A Morse exhaustion function on the punctured plane

Question

I don't think I have a good intuitive understanding of the purpose of a Morse function. The classic illustrative example seems to be a genus 2 torus with the Morse exhaustion function being given by the height function. From that, I thought any point at which the topology of the sublevel set changes is "critical point". In that case, what would be the set of critical points of a Morse exhaustion function on the punctured plane (plane with origin removed)? I feel like saying that the origin must be a critical point, but surely we cannot say that, as the origin has actually been removed.

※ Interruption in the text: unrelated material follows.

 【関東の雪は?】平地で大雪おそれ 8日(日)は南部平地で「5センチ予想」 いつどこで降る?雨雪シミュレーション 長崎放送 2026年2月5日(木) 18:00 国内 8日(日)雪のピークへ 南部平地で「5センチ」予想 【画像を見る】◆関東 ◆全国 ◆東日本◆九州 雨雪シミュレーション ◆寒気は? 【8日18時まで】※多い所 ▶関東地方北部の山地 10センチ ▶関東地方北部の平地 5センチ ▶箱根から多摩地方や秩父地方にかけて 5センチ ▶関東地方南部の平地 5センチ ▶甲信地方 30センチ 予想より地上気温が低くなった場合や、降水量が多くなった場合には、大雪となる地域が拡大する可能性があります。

If I could be given some help with correcting my intuition, I'd really appreciate it.

Answer 1

Every smooth manifold $M$ admits a Morse exhaustion function. One way to prove this is first to find a proper embedding of $M$ into $\mathbb R^N$ for some $N$ (which exists by the Whitney embedding theorem), so we can consider $M$ to be a closed submanifold of $\mathbb R^N$. Then use the fact that for almost every $v\in\mathbb R^N$, the function $f\colon \mathbb R^N\to\mathbb R$ given by $f(x) = |x-v|^2$ restricts to Morse exhaustion function on $M$. (This is proved, for example, in Corollary 1.25 of Nicolaescu's An Invitation to Morse Theory.)

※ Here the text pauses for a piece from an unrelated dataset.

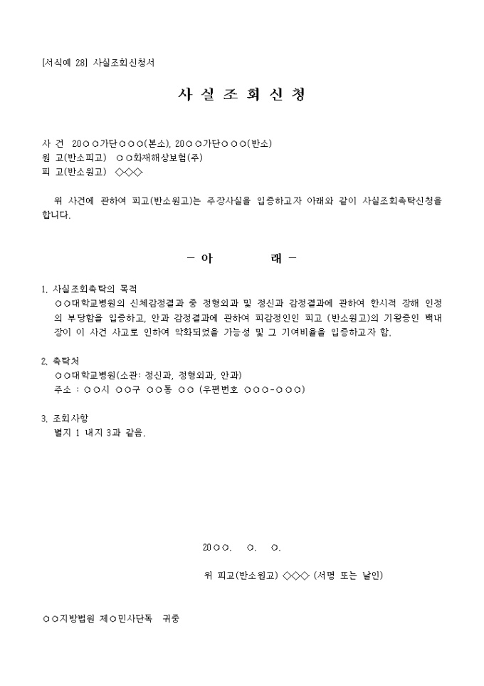 9,000원/월[서식예 28] 사실조회신청(신체감정관련)은 신체 감정에 관련하여 사실여부를 조회하는 신청서입니다.

In the example of $M=\mathbb R^2 \smallsetminus \lbrace(0,0)\rbrace$, we can first embed $M$ into $\mathbb R^3$ by the map $$ (x,y) \mapsto \left( \log r, \frac{x}{r}, \frac{y}{r}\right), $$ where $r = \sqrt{x^2 + y^2}$. (The image of this embedding is the unit cylinder around the $x$-axis.) Then we can take $f\colon M\to \mathbb R$ to be the square of the distance to the point $(0,0,-1)$. Specifically, in terms of the original $(x,y)$ coordinates on $M$, this is $$ f(x,y) = (\log r)^2 + \left(\frac{x}{r}\right)^2 + \left( \frac{y}{r} + 1\right)^2 = (\log r)^2 + \frac{2y}{r} + 2. $$ This has two critical points: $(0,-1)$ is an absolute minimum, and $(0,1)$ is a saddle point.

You can visualize the level sets by looking at the intersection of the cylinder with spheres centered at $(0,0,-1)$. When the radius of the sphere is small, the intersection is just a simple closed curve in the bottom half of the cylinder. When the radius becomes larger than $2$, the intersection becomes two simple closed curves. As the radius gets very large, these two curves get closer and closer to vertical circles far out along the cylinder.

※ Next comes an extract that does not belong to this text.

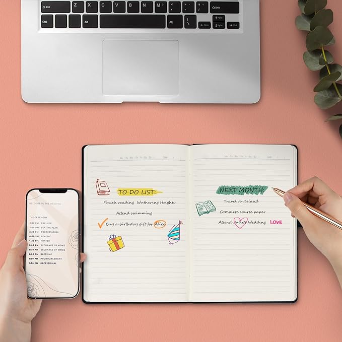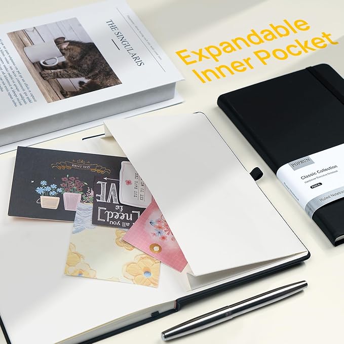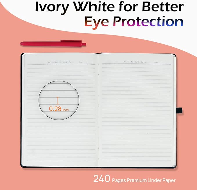 - 【Humanity Detail Design】This classic ruled notepad is designed to lay flat 180°, making it easier to write and take notes comfortably. Elastic pen loop provide more convenient for carrying different sizes’ pens. 1 Expandable inner pocket can easily store notes, bills, receipts, appointment cards, and more. And 1 ribbon bookmark helps quickly find the correct page.

One problem with your attempt to understand intuitively what's going on here ("what would be the set of critical points of a Morse exhaustion function on the punctured plane?") is that you seem to be thinking that the critical points depend only on the manifold. But in fact, the critical points depend very heavily on what Morse function you choose. In fact, it's not hard to show in the case of the example above that given any two distinct points of $M$, there's a Morse exhaustion function whose critical points are exactly those two points. And you can get more critical points by smoothly deforming the embedding in $\mathbb R^3$ so that the distance function has lots of local maxima and local minima.

Answer 2

The problem with your example is that the punctured torus(or Plane) is no compact. The statement describing the topology of level set depend on those facts. For example important theorem fails:

Suppose $f$ is a smooth real-valued function on $M$ and $p$ is a non-degenerate critical point of $f$ of index $\gamma$, and that $f(p) = q$. Suppose $f^{−1}[q − \varepsilon, q + \varepsilon]$ is compact and contains no critical points besides $p$. Then $M^{q+\varepsilon}$ is homotopy equivalent to $M^{q−\varepsilon}$ with a $\gamma$-cell attached.

and another one

Suppose $f$ is a smooth real-valued function on $M$, $a < b$, $f^{−1}[a, b]$ is compact, and there are no critical values between $a$ and $b$. Then $M^a$ is diffeomorphic to $M^b$, and $M^b$ deformation retracts onto $M^a$.

This means that when $M$ is compact morse theory have powerful tools to describe the topology of the level sets of $M$. In your case $f^{-1}[-\varepsilon,\varepsilon]$ is not compact if the plane is the $xz$ plane in $\mathbb{R}^3$.